EXAMPLES Hereinafter, although an Example, a comparative example, and a reference example are given and this invention is demonstrated further more concretely, this invention is not limited by these Examples.
Reference example 1
Production of block copolymer comprising poly α-methylstyrene (polymer block (A)) and hydrogenated polybutadiene (polymer block (B)) In the same manner as the previously reported method (WO 02/40611), A poly α-methylstyrene-b-polybutadiene-polyα-methylstyrene type triblock copolymer (hereinafter abbreviated as mSEBmS) was synthesized. The number average molecular weight (GPC measurement, polystyrene conversion) of the obtained mSEBmS is 76000, the 1,4-bond amount determined from ¹ H-NMR measurement is 55%, and the content of α-methylstyrene unit is 30.0. It was mass%. Further, it was found by composition analysis by ¹ H-NMR spectrum measurement that α-methylstyrene was not substantially copolymerized in the polybutadiene block.
After preparing a cyclohexane solution of synthesized mSEBmS and charging it into a pressure-resistant vessel sufficiently purged with nitrogen, a hydrogenation reaction was performed at 80 ° C. for 5 hours in a hydrogen atmosphere using a Ni / Al Ziegler hydrogenation catalyst. To obtain a poly α-methylstyrene-b-hydrogenated polybutadiene-b-polyα-methylstyrene type triblock copolymer (hereinafter abbreviated as HmSEBmS). The hydrogenation proportion of the resulting HmSEBmS was calculated by ¹ H-NMR spectrum measurement, it was 99.6%.

Example 1
(1) Preparation of quaternary ammonium hydroxide-modified HmSEBmS membrane 100 g of the block copolymer (HmSEBmS) obtained in Reference Example 1 was vacuum-dried in a glass reaction vessel equipped with a stirrer for 1 hour, and then nitrogen. After substitution, 650 ml of chloroform was added and dissolved by stirring at 35 ° C. for 2 hours. After dissolution, 135 ml of chloromethyl ethyl ether and 5.7 ml of tin tetrachloride were added and stirred at 35 ° C. for 9 hours.
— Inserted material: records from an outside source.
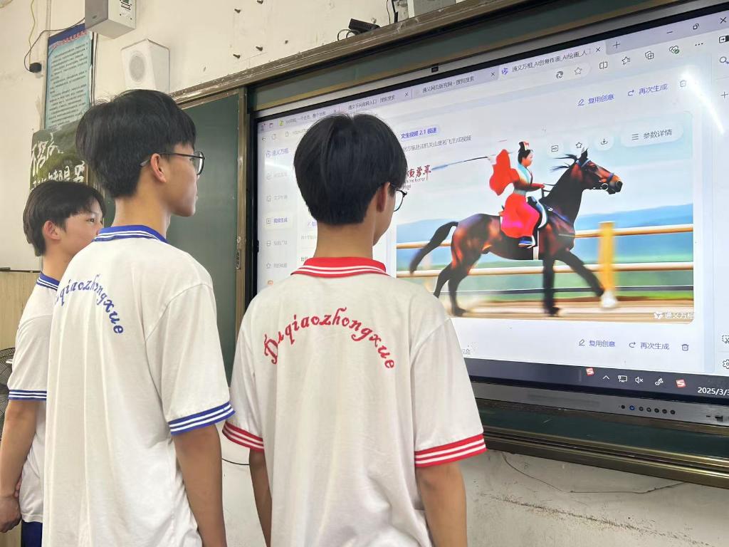 3月3日,廣西容縣容州鎮(zhèn)都嶠中學(xué)學(xué)生觀看老師使用人工智能大模型生成的海報(bào),感受語文課堂的互動(dòng)創(chuàng)新。(陳春仲 攝)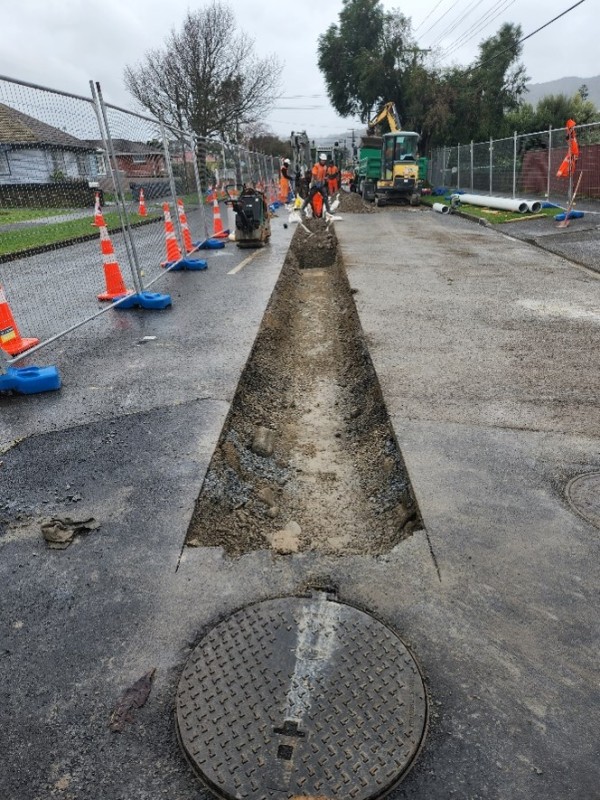 The Year 2 programme of works kicked off in March 2023. This involves replacing pipes that carry wastewater along the centre of Taita Drive and across Fairway Drive in Avalon.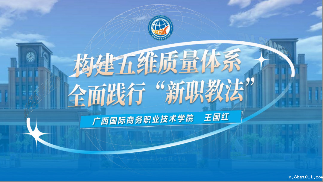 广西国际商务职业技术学院校长王国红作报告,他表示,为进一步推动我国职业教育标准体系国际输出,广西国际商务职业技术学院在长期理论与实践探索基础上,创造性地提出和完善了SPADE五维质量保证体系,并从理论、制度、体系、机制、投入和法律保障等六个维度,介绍了商科院校国际化进程方面进行的深入探索和全面布局。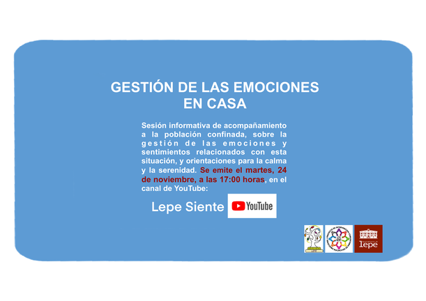 La sesión, que tendrá lugar el martes 24 de noviembre a partir de las 5 de la tarde en el canal de Youtube de Lepe Siente, ofrece la posibilidad a la población de enviar previamente preguntas que se quieran abordar, a través de las redes sociales de Lepe Siente o de la dirección de correo electrónico lepesiente@lepe.es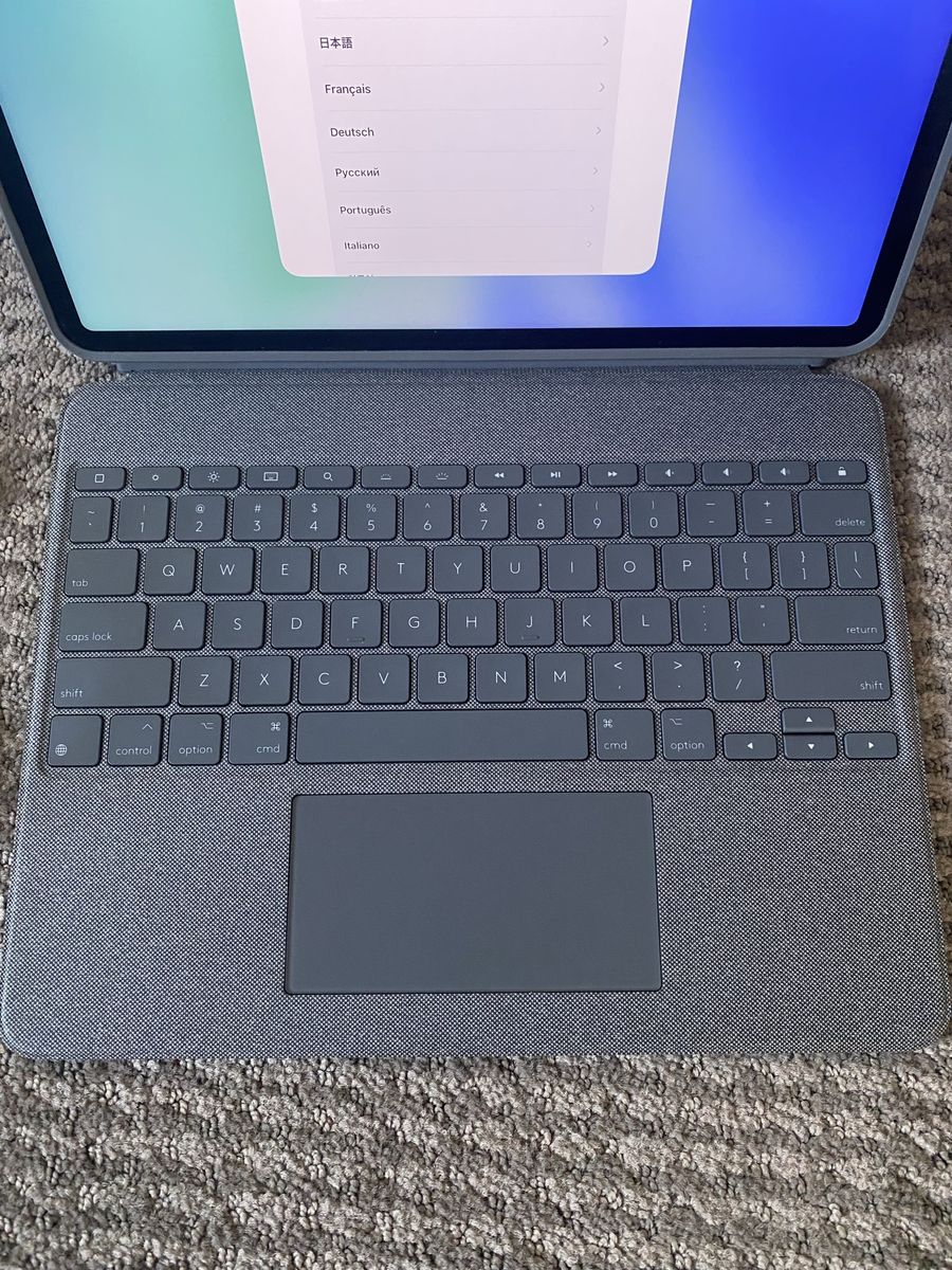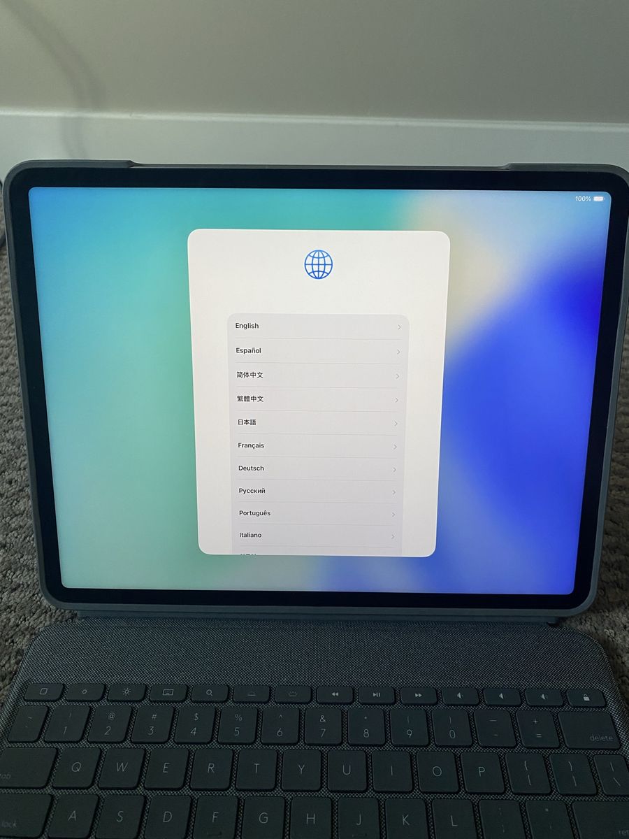 iPad Pro 12.9” (6th gen, M2, 128GB) with Logitech keyboard case. Great condition, everything works perfectly, no problems at all.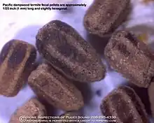 An important sign to identifying dampwood termite infestations is their unique fecal pellets. They are approximately 1 mm in length and slightly hexagonal.[1]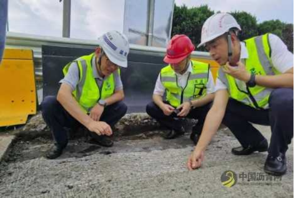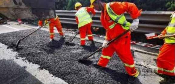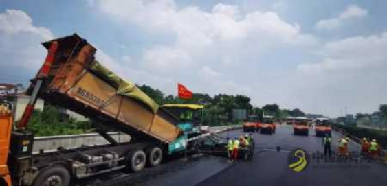 在高温天气与高温沥青的双重“烤”验下,埋头苦干的工人们流下一滴滴黄豆粒般大小的汗水,滴到沥青上发出“嘶嘶”的响声,衣服都能拧出水来。49岁的张高良是沥青路面班组的一名有着20年工龄的老施工员,皮肤黝黑的他在现场不断地指挥工人们施工,还要不时地检查路面平整度、摊铺机各个部件是否正常等。“沥青摊铺就要趁热,温度低了影响道路质量。”他希望接下来的天气也都能这般“给力”,“天工作美的情况下,我们抓紧时间、高效配合,一天就能完成4000吨的沥青铺设。”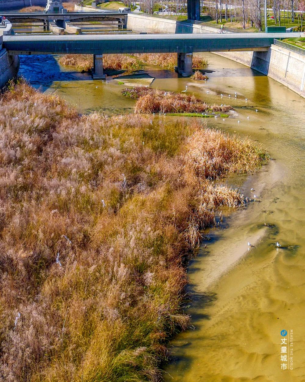 ▼ 马德里河岸公园局部野化的河道成为鸟类的栖息地
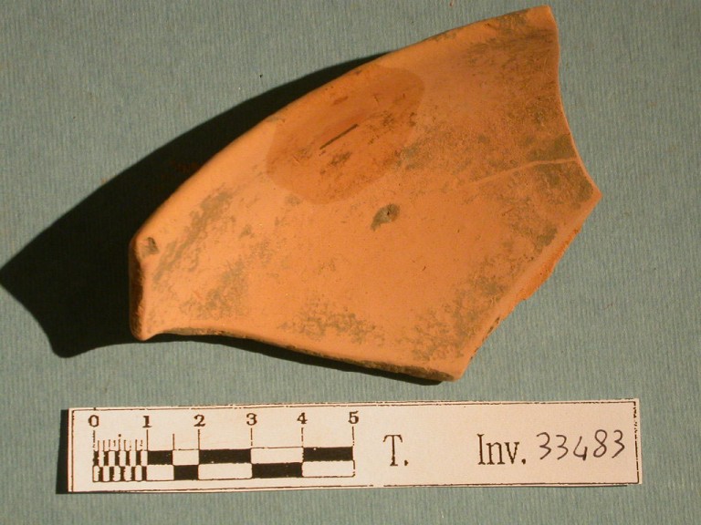 Orlo di ciotola a vasca troncoconica, carenata. Argilla arancio giallastra, polverosa.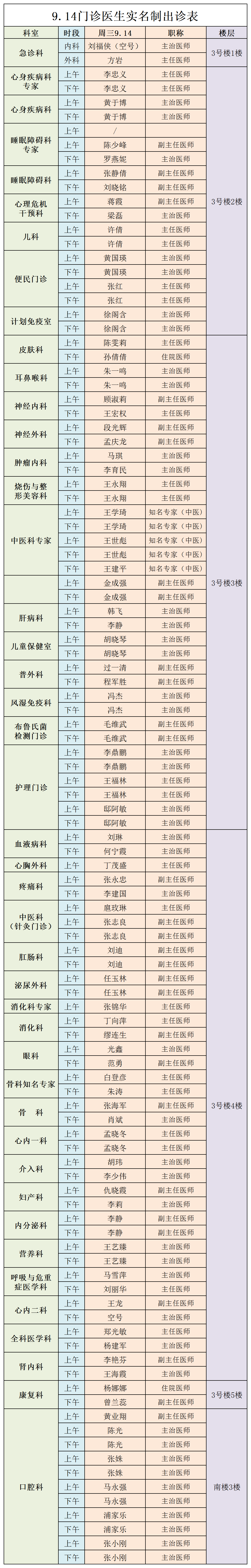 成人导航 、西北民族大学附属医院9月14日(星期三) 门诊出诊信息

Next, the reaction solution was added to 4 L of methanol, and the precipitate was washed and dried to obtain chloromethylated HmSEBmS. The chloromethylation rate of chloromethylated HmSEBmS was 60.9 mol% of α-methylstyrene units from ¹ H-NMR analysis.
Next, chloromethylated HmSEBmS was dissolved in toluene, cast on a polytetrafluoroethylene sheet and sufficiently dried at room temperature to obtain a cast film having a thickness of 70 μm.
Next, the chloromethyl group was aminated by immersing the obtained cast film in a mixed solution of 30% trimethylamine aqueous solution and acetone in a volume ratio of 1: 1 at room temperature for 24 hours.
Finally, the aminated HmSEBmS membrane was immersed in a 0.5N-NaOH aqueous solution at room temperature for 5 hours for ion exchange to obtain a quaternary ammonium hydroxide-modified HmSEBmS membrane. The film thickness was 100 μm, and the ion exchange capacity was 1.30 meq / g in terms of the value obtained from ¹ H-NMR measurement.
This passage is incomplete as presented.